Complementing the company’s successful meltblown technology, the new spunbond range provides unprecedented opportunities for the scaled development of new nonwoven fabrics based on a wide range of fibres and polymers, including bicomponents.
The market availability of this new technology is particularly timely, given the industry’s current preoccupation with the development of new substrates based on biopolymers, sustainable resins or recycled fibres.
FET has already supplied one of these new spunbond lines to University of Leeds in the UK, and a second, in combination with a metlblown line, to the University of Erlangen-Nuremberg in Germany.
“Our new spunbond technology is unique in providing the ability to process a wide range of polymers, including those normally not considered appropriate for the spunbond process, at the scale required to fully explore material combinations and bring new products to market,” says FET Managing Director Richard Slack. “FET has built on its melt spinning expertise to develop a true laboratory scale spunbond system.”
Properties
Steve Russell, Professor of Textile Materials and Technology at University of Leeds, agrees.
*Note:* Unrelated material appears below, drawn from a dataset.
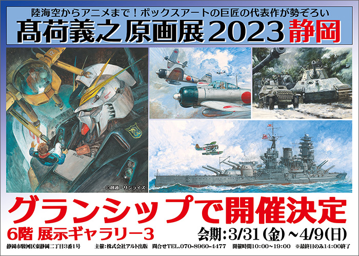 「ボックスアートの巨匠」や「リアルなアニメメカイラスト」で勇名を馳せる髙荷義之さんの原画展「髙荷義之原画展2023静岡」が、3月31日(金)より静岡・グランシップにて開催される。

“Our new spunbond line from FET forms part of a wider investment in facilities to support fundamental, academic research on future manufacturing, where the focus is on studying the small-scale processing of unconventional polymers and additive mixes to form spunbond fabrics with multifunctional properties,” he says. “Key to this research is developing the underlying process-structure-performance relationships, based on the measured data, to provide a detailed understanding of how final fabric performance can be controlled during processing.”
Many exciting materials developed in academic research struggle to progress beyond the bench as a result of compatibility issues with key manufacturing processes such as spunbond, he adds.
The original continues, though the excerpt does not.